◆ **WORK TASK**
Exactly reproduce the lines of the listing below from the one containing "La Lega tra le" through the one containing "2021年5月31日,中華人". Skip the images.

++++ GIVEN INFORMATION ++++

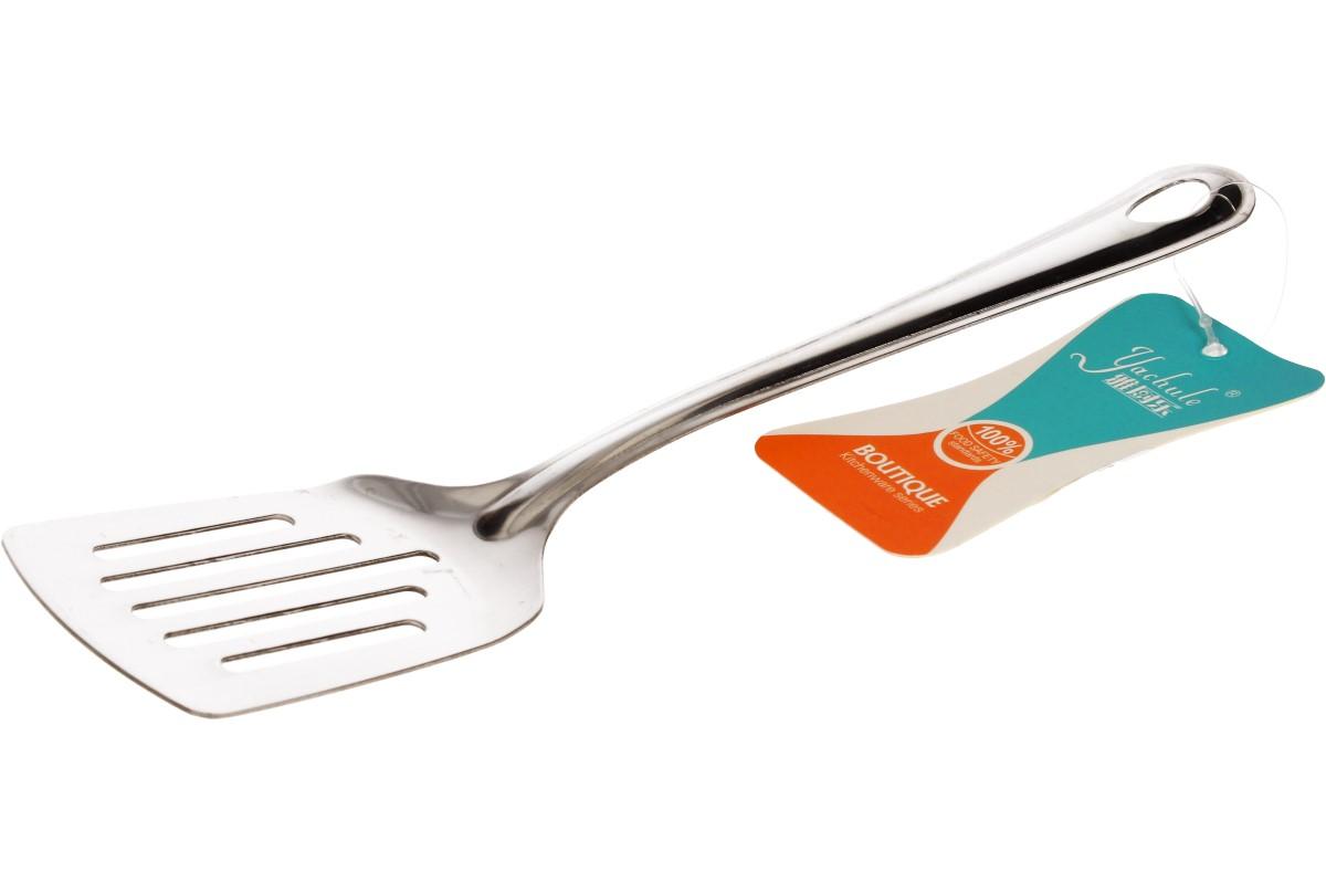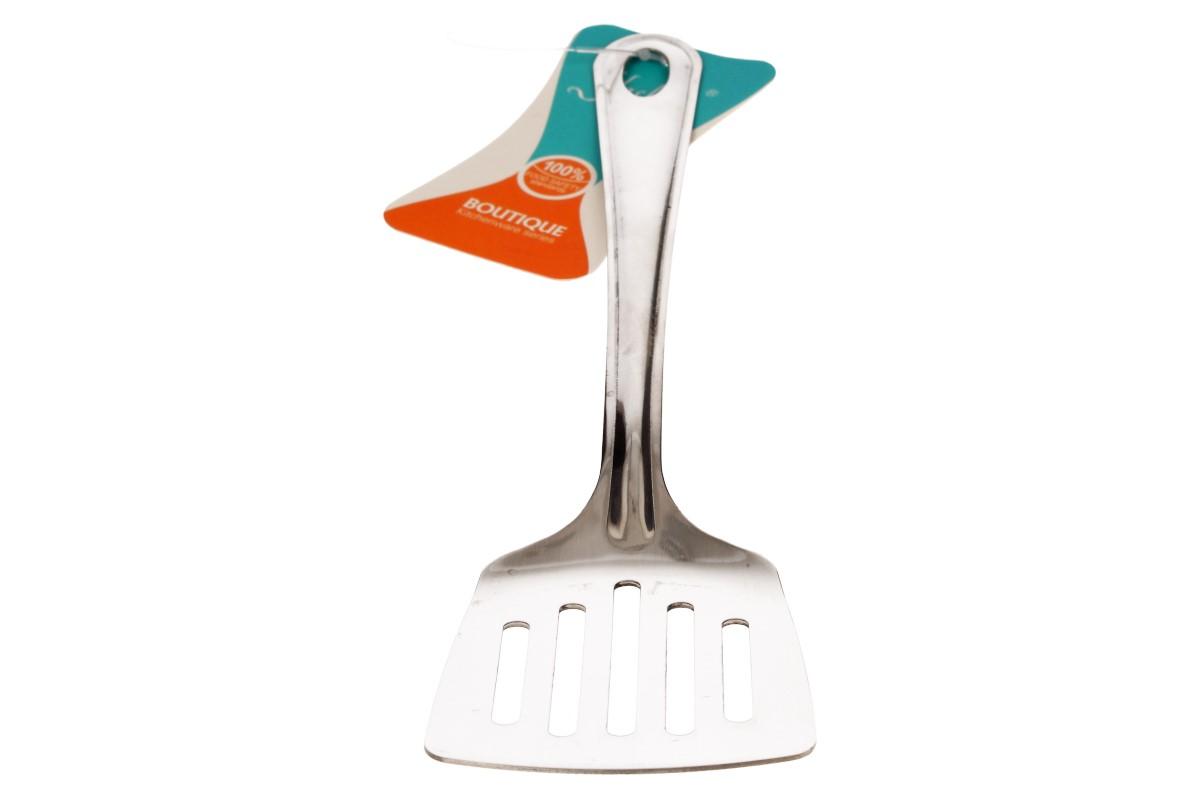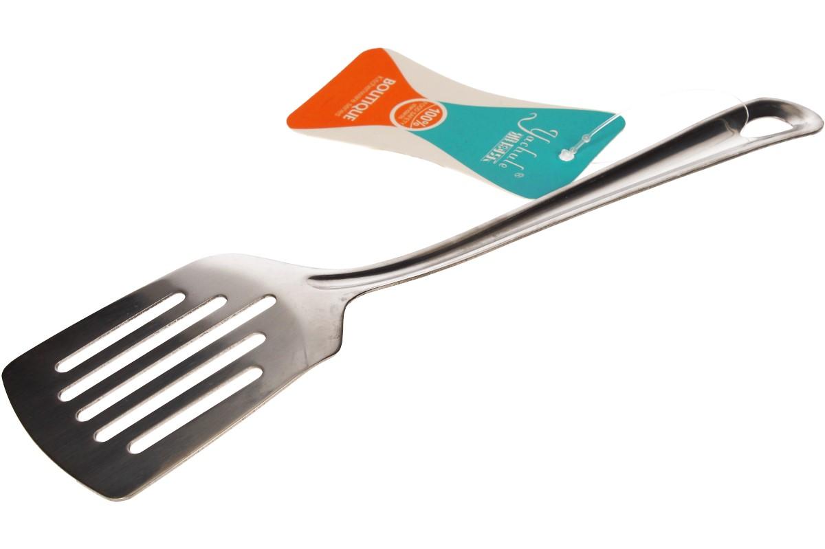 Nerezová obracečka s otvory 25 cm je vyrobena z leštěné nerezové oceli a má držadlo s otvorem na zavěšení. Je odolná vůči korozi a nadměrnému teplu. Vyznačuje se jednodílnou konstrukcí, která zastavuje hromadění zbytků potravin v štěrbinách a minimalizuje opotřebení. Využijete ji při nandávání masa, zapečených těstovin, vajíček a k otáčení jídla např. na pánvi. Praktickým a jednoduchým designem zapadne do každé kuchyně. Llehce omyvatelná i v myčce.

++++
++++ GIVEN INFORMATION ++++

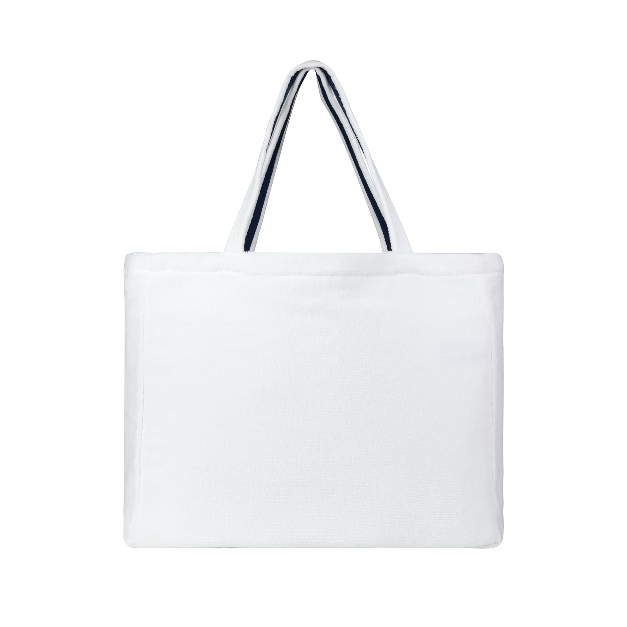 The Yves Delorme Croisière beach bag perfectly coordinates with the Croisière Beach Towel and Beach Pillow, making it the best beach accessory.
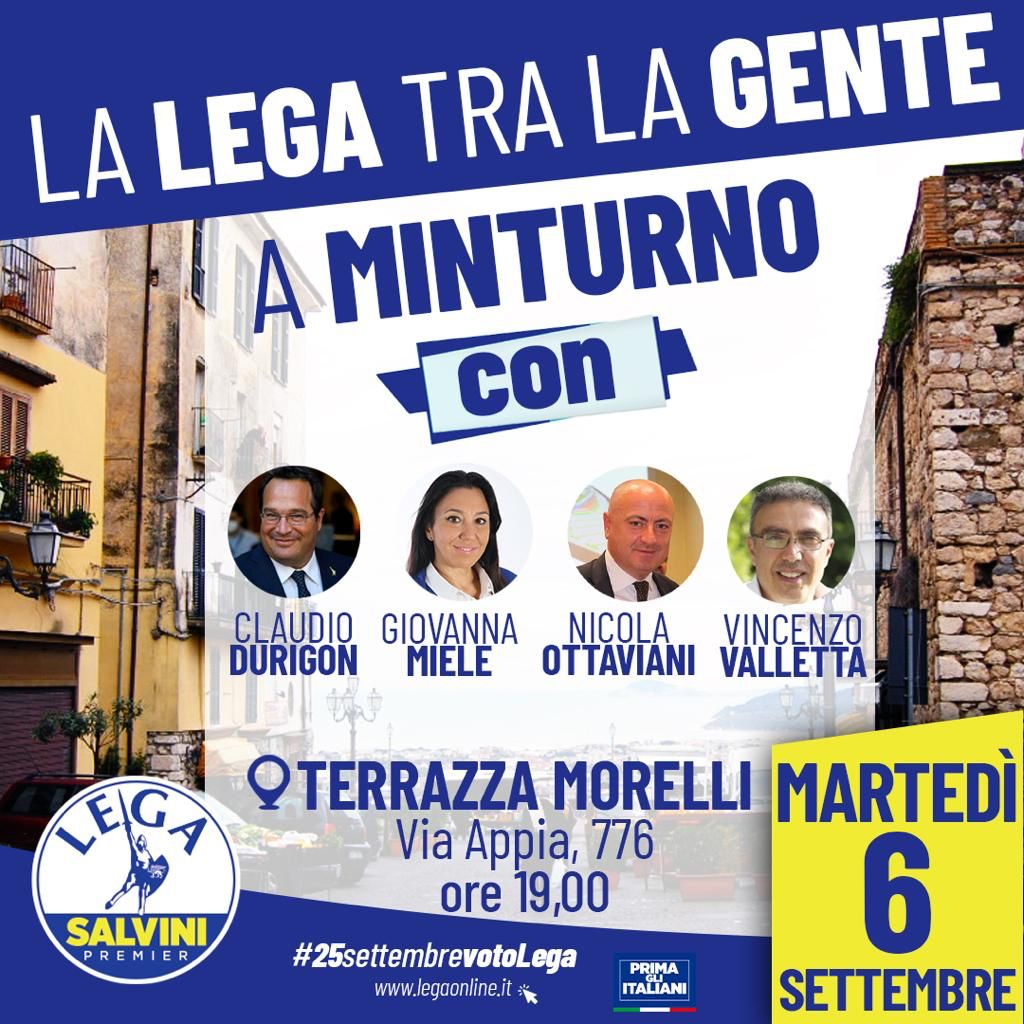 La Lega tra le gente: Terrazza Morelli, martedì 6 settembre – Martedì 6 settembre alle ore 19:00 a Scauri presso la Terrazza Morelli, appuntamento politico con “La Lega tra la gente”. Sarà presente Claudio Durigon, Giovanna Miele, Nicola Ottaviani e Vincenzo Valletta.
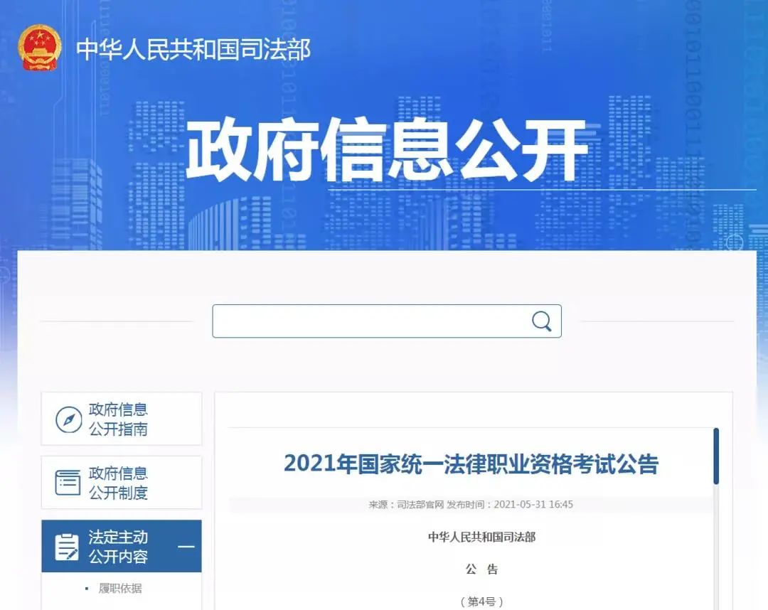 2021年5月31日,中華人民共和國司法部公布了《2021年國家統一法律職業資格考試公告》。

++++

◆ **RESULT**
 La Lega tra le gente: Terrazza Morelli, martedì 6 settembre – Martedì 6 settembre alle ore 19:00 a Scauri presso la Terrazza Morelli, appuntamento politico con “La Lega tra la gente”. Sarà presente Claudio Durigon, Giovanna Miele, Nicola Ottaviani e Vincenzo Valletta.
 2021年5月31日,中華人民共和國司法部公布了《2021年國家統一法律職業資格考試公告》。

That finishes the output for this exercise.